Bursa ve diğer şehirlerde mikroplastik kirliliği incelendi
Ankara Üniversitesi Ziraat Fakültesi tarafından yapılan kapsamlı bir araştırma, Türkiye’nin çeşitli şehirlerindeki açık çöp döküm sahaları ve hurdalık alanlarında mikroplastik kirliliğini inceledi. Araştırma, özellikle tarım alanlarının dışında kalan endüstriyel bölgelerde topraktaki mikroplastik yükünün arttığını ve bunun ekosistemler, su kaynakları ve tarımsal üretim için büyük tehdit oluşturduğunu ortaya koydu.

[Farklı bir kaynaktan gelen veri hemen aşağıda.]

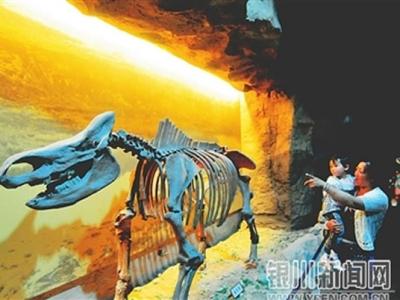 游客在水洞沟遗址博物院实景体验3万年前古人类的生活环境 6月18日,历时3年多建...
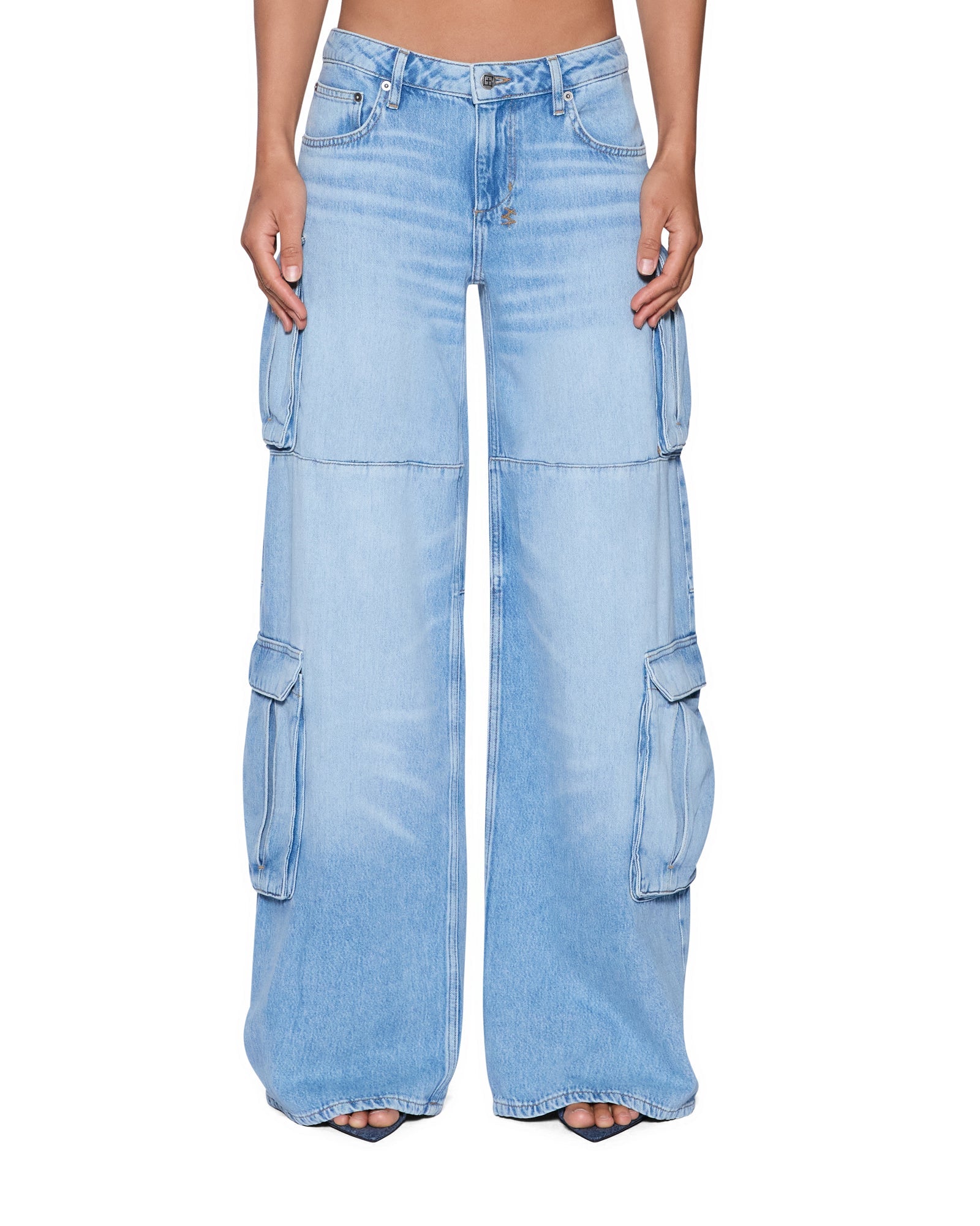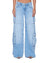 The Dropout jean Cargo Spirit is a low-rise, short-crotch silhouette with a baggy wide leg. Made from lightweight cotton tencel denim with a vintage worn-in light blue wash with extreme soft feather handfeel, with subtle grinding for an authentic worn-in finish. Featuring side facing 3D cargo pockets, complete with five-pocket styling, Ksubi hardware, signature T-box and 3x4 embroidery embroidery, and a removable pocket tag at the right back pocket.
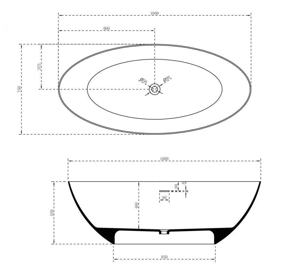 Ванна из искусственного камня ABBER Stein AS9625-1.6 белая матовая
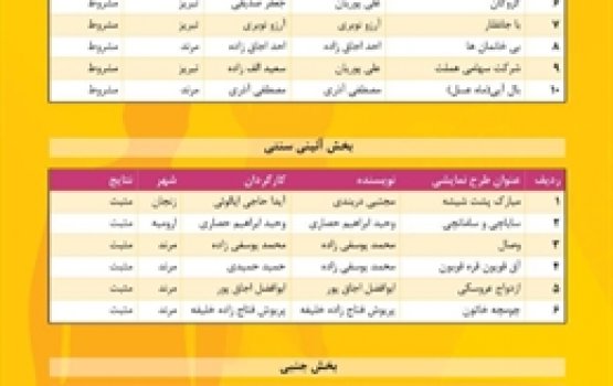 او گفت: از 46 طرح بازبینی شده 10 طرح جهت شرکت در بخش مسابقه، 6 طرح در بخش آیینی سنتی و 2 طرح در بخش جنبی پذیرش شدند.

BURSA VE DİĞER ŞEHİRLERDEKİ ANALİZLER DİKKAT ÇEKTİ
Araştırmada, Mersin, İzmir, Bursa ve Çanakkale’deki hurdalık alanlarında, açık çöp döküm sahalarında ise Aydın, Manisa, Antalya ve Sakarya’da yapılan analizler dikkat çekti. Çalışma, mikroplastiklerin toprakta ne kadar yoğun bir şekilde biriktiğini ve bu kirliliğin ekosistemlere etkisini gözler önüne serdi.
MİKROPLASTİK YÜKÜ EN FAZLA MERSİN VE AYDIN’DA TESPİT EDİLDİ
Araştırma sonuçlarına göre, hurdalık alanlarında 1 kilogram toprakta en fazla mikroplastik parçacığı Mersin’de tespit edildi. Mersin'deki hurdalık alanlarında 700 mikroplastik parçacık bulunurken, Aydın'daki açık çöp döküm sahalarında ise 640 mikroplastik parçacık bulundu. Mersin’i, İzmir (460) ve Bursa (320) takip etti. Çanakkale’de ise en düşük mikroplastik yoğunluğu 373 parçacık olarak kaydedildi.
ÇÖP DÖKÜM İNCELEMELERİNDE AYDIN İLK SIRADA
Açık çöp döküm sahalarında ise Aydın, 640 mikroplastik parçacıkla ilk sırada yer aldı. Manisa ise 260 parçacıkla ikinci, Antalya ise 233 parçacıkla üçüncü sırada bulunuyor. Sakarya ise 133 mikroplastik parçacıkla açık çöp döküm sahalarında en düşük kirlilik oranına sahip şehir oldu.
POLİETİLEN EN YAYGIN MİKROPLASTİK TÜRÜ
Araştırmada, açık çöp döküm sahalarında ve hurdalık alanlarında en yaygın bulunan mikroplastik türünün polietilen olduğu belirlendi. Polietilen, günlük yaşamda kullanılan plastiklerin çoğunun yapıldığı maddelerden biri olup, toprakta %81,5 oranında bulunuyor. Hurdalık alanlarında ise polietilen oranı %70,1 olarak saptandı.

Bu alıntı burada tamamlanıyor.